Meslay II: les oies et le renard (d’après La Fontaine)

Le dimanche à la grange de Meslay a des allures de garden-party. A condition qu’il ne pleuve pas et nous fûmes bénis des dieux. 3 concerts heureux ponctuent cette journée, mais dans un silence désormais troublant, le bestiaire de Meslay s’étant réduit comme peau de chagrin et voici pourquoi…

Eric Lu (pas loup) © Gérard Proust


Il y avait un coq appelé Allan (le coq Allan) qui a disparu depuis, de sa belle mort ou emporté par le destin des coqs; c’était la mascotte de Meslay. Il y avait peut-être quelques ânes, qui ont été muselés car le braiement d’un âne est incompatible avec un pianisssimo de Chopin, même si les murs de la grange sont épais. Mais voici la triste histoire survenue il y a quelques mois: trois oies vivant à Meslay ayant cacardé tout l’été dernier se trouvèrent fort dépourvues quand l’hiver fut venu. Car une couche de glace épaisse envahit l’étang, les privant d’aller nager pour échapper au prédateur voisin. Celui-ci, un renard de belle allure, ne sachant plonger mais sachant glisser, se précipita sur les malheureuses douillettement endormies dans leur pyjama de plumes et leur croqua le cou avant d’aller (sans doute, ayant au préalable enfilé ses patins, fit-il un triple salto de victoire) enterrer ces victimes d’excellente viande dans un repaire secret dont nous ignorons toujours où il se situe.

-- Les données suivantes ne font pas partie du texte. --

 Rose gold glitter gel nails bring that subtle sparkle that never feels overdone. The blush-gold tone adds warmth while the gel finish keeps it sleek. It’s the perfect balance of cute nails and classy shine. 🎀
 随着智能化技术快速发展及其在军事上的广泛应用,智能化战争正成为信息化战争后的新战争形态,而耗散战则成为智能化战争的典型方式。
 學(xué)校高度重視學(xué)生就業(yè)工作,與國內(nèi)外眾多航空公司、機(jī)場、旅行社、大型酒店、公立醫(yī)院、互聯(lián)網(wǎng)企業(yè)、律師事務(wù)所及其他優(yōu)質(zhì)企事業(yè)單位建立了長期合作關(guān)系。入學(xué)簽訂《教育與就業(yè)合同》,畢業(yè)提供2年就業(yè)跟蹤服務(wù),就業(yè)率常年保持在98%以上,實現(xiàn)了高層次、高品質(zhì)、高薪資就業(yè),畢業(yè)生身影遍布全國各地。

Il reste donc aujourd’hui quelques grenouilles qui acceptent de coasser par pleine lune. Les renards ne mangent pas les grenouilles. Mais un bestiaire réduit à deux grenouilles est tout de même de piteux niveau.

Arielle Beck © Gérard Proust

Cela ne troubla pas Arielle Beck. Enfin j’ai pu entendre la jeune prodige qui refuse, évidemment, qu’on l’appelle ainsi car cette jeune fille sérieuse, 17 ans à peine (ayant soufflé ses bougies à l’heure où le renard aiguisait ses quenottes), se considère comme une personne normale avec, par ailleurs, des préoccupations de son âge -se baigner dans une mer accueillante, hésiter entre deux teintes de blush, passer son bac avec deux ans d’avance- ou peut-être pas tout à fait.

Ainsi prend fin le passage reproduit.